At Vendasta, we use the Google Cloud Platform. The software we maintain, design, and create, often makes use of Google Cloud Storage and Google CloudSQL; the team I am part of is no exception. The team works on a product called Website, which is a platform for website hosting. The product has two editions: Express (free, limited functionality), and Pro (paid, full functionality). Between the features that the product offers we find period backups of websites; these backups are archived as tar files. Each backup archive has an accompanying record stored in CloudSQL, which contains metadata such as the timestamp of the archive.

在Vendasta，我們使用Google Cloud Platform。我們維護，設計和創(chuàng)建的軟件經常使用Google Cloud Storage和Google CloudSQL ；我所在的團隊也不例外。該團隊致力于開發(fā)一種名為“網站”的產品，該產品是用于網站托管的平臺。該產品有兩個版本：Express(免費，功能有限)和Pro(付費，完整功能)。在產品提供的功能之間，我們可以找到網站的定期備份；這些備份被存檔為tar文件。每個備份存檔都有一個隨附的記錄存儲在CloudSQL中，其中包含元數據，例如存檔的時間戳。

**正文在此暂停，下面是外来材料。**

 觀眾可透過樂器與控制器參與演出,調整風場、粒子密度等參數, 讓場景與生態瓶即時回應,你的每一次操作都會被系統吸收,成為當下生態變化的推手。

Recently, the team I am currently working in wanted to design and implement an approach to delete old backups in order to reduce costs. The requirements were:

最近，我目前正在工作的團隊希望設計并實施一種刪除舊備份的方法，以降低成本。要求是：

Delete archives and records older than 1 year;

刪除超過1年的檔案和記錄；

For the Express edition, keep archives and records that were created in the last 10 days. In addition, keep the backups from the beginning of each month for the last year;

對于Express版本，請保留最近10天內創(chuàng)建的檔案和記錄。此外，請保留上一年每個月初的備份；

For the Pro edition, keep archives and records that were created in the last 60 days. In addition, keep the backups created at the beginning of each month for the last year;

對于專業(yè)版，請保留最近60天內創(chuàng)建的檔案和記錄。另外，保留在去年的每個月初創(chuàng)建的備份；

Perform steps 1–3 every day for all the sites the product hosts.

每天對產品托管的所有站點執(zhí)行步驟1-3。

We are going to walk through how the requirements were satisfied for each step, and use Golang code, along with an SQL statement, to demonstrate how to execute the steps.

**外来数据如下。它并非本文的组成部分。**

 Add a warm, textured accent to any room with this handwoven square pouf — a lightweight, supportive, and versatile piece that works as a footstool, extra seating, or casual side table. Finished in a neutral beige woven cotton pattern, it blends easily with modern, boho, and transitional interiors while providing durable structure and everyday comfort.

我們將逐步介紹如何滿足每個步驟的要求，并使用Golang代碼和SQL語句來演示如何執(zhí)行這些步驟。

Google Cloud Storage offers the option of object lifecycle management, which allows users to set custom rules such as deleting bucket objects, or changing the storage option of a bucket, after a specific time period/age. While this may work for many use cases, it did not satisfy our requirements because of custom rules for product editions. In addition, transitioning the whole platform to use a different naming scheme for backups (no context of edition currently) to be able to use lifecycle management would have been an enormous amount of work. As a consequence, the team went ahead with a custom solution that is extensible as additional custom cleanups can be added to it in the future.

Google Cloud Storage提供了對象生命周期管理選項，允許用戶在特定時間段/年齡之后設置自定義規(guī)則，例如刪除存儲桶對象或更改存儲桶的存儲選項。盡管這可能適用于許多用例，但由于產品版本的自定義規(guī)則，它不能滿足我們的要求。此外，轉換整個平臺以使用不同的命名方案進行備份(當前沒有版本上下文)以能夠使用生命周期管理將是一項艱巨的工作。因此，團隊繼續(xù)開發(fā)可擴展的自定義解決方案，因為將來可以在其中添加其他自定義清理功能。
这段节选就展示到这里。